Smith eventually became Major in the army, and executive secretary of the Bill of Rights Commemorative Society, as well as custodian of the Federal Hall National Memorial on Wall Street. He was also historian of the Federal Hall, and helped saved the monument and convert it into a museum. He was involved with various research projects on historic documents and collections regarding the history of the United States. One project involved Barney Balaban, president of Paramount Pictures, regarding documents relating to the United States Bill of Rights. He covered the history of the wood pulp industry with members of Congress, started by his father Wellington Smith, and granduncle Senator Elizur Smith, who founded the Smith Paper Company.
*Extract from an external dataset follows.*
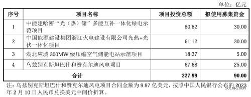本次发行的募集资金拟投资于中能建哈密“光(热)储”多能互补一体化绿电示范项目、中国能源建设集团浙江火电建设有限公司光热+光伏一体化项目、湖北应城300MW级压缩空气储能电站示范项目和乌兹别克斯坦巴什和赞克尔迪风电项目。

They were the first to successfully produce wood pulp based paper, with telegraph entrepreneur Cyrus W. Field. Among their first pioneer customers were James Gordon Bennett Jr., owner of the New York Herald, and Samuel Bowles, owner of the Springfield Republican. The Smiths then acquired from Theodore Roosevelt a paper mill in Massachusetts, and grew their production to eventually become the largest paper manufacturers in the country. Smith wrote on NYC's first mayor Capt. Thomas Willett, and commented on the works of Col. Albert J. Pickett, Alabama's first historian, relating to the erection of the Federal Hall, site of the 1st Congress of the United States by George Washington.

Elizur Yale Smith was stricken at the Commodore Hotel and died on January 12, 1950, in Manhattan, New York.